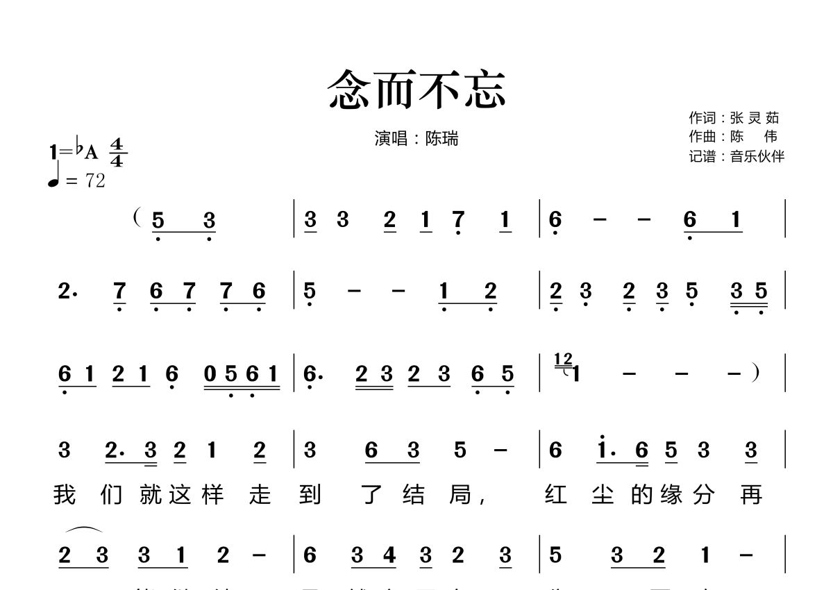 念而不忘简谱 - 陈瑞演唱
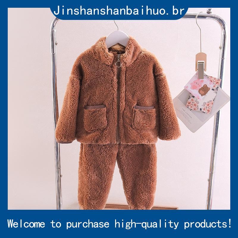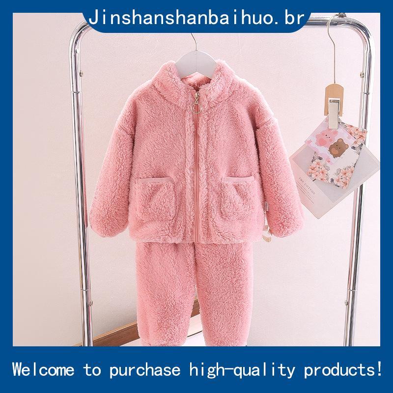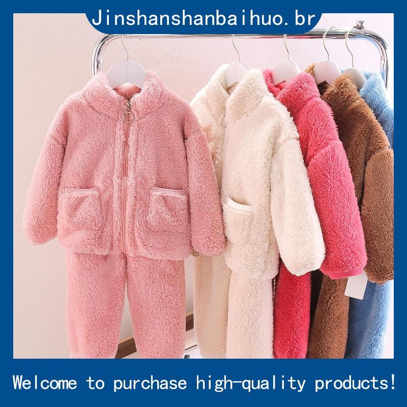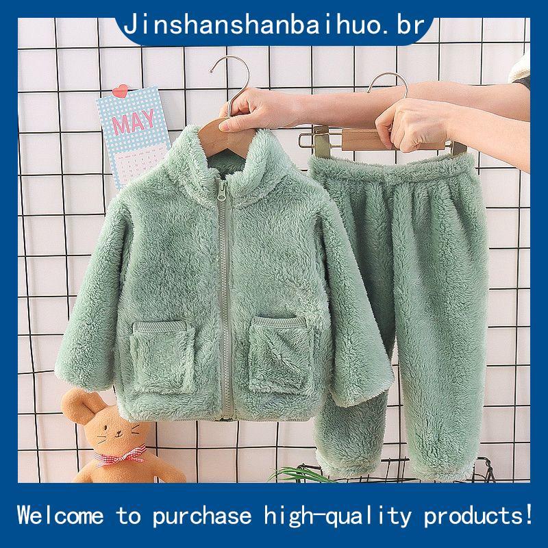 Bebê Outono Inverno Meninos Meninas Esportes Sólidos 2 Pçs Terno De Pelúcia Flanela Pijamas Conjunto De Para Criancas Roupas O Lar
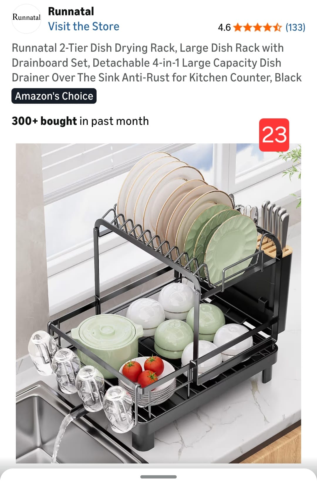Runnatal 2-Tier Dish Drying Rack, Large Dish Rack with Drainboard Set, Detachable 4-in-1 Large Capacity Dish Drainer Over The Sink Anti-Rust for Kitchen Counter, Black. 23
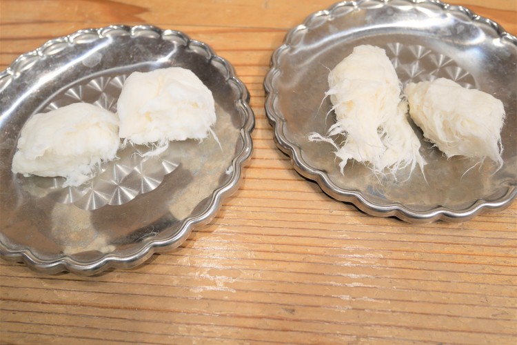 割いた時に断面の繊維が右の方が長いことが分かります!
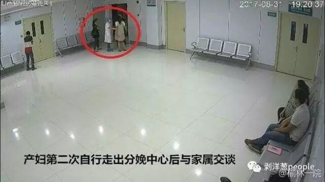 马茸茸跳楼前曾先后两次走出分娩中心与家属交谈。
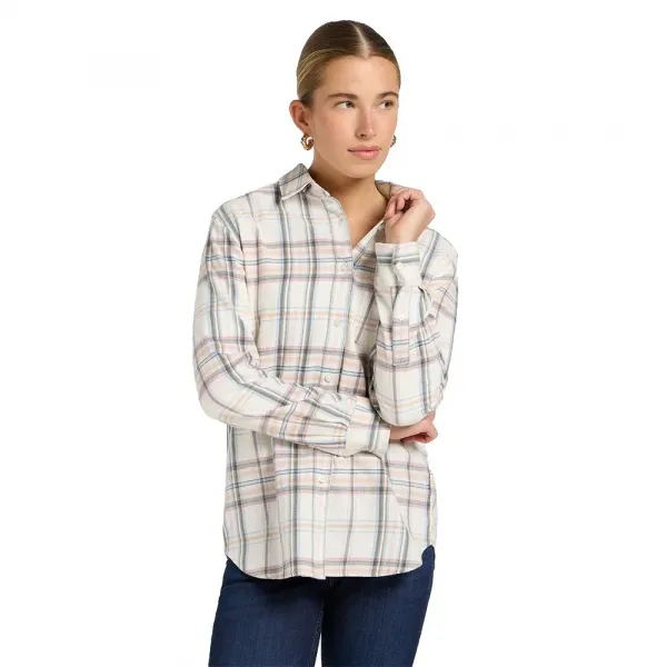 이 스타일은 부드러운 100% 면 플란넬 원단으로 제작되었으며, 블루, 핑크, 에크루 색상이 살짝 가미된 체크 무늬인 저희 플럼베리 플래드 패턴으로 마감되었습니다.

Problem requirements
Recreate the listing above word for word, dropping each picture it contains.

Result for this exercise
 念而不忘简谱 - 陈瑞演唱
 Bebê Outono Inverno Meninos Meninas Esportes Sólidos 2 Pçs Terno De Pelúcia Flanela Pijamas Conjunto De Para Criancas Roupas O Lar
Runnatal 2-Tier Dish Drying Rack, Large Dish Rack with Drainboard Set, Detachable 4-in-1 Large Capacity Dish Drainer Over The Sink Anti-Rust for Kitchen Counter, Black. 23
 割いた時に断面の繊維が右の方が長いことが分かります!
 马茸茸跳楼前曾先后两次走出分娩中心与家属交谈。
 이 스타일은 부드러운 100% 면 플란넬 원단으로 제작되었으며, 블루, 핑크, 에크루 색상이 살짝 가미된 체크 무늬인 저희 플럼베리 플래드 패턴으로 마감되었습니다.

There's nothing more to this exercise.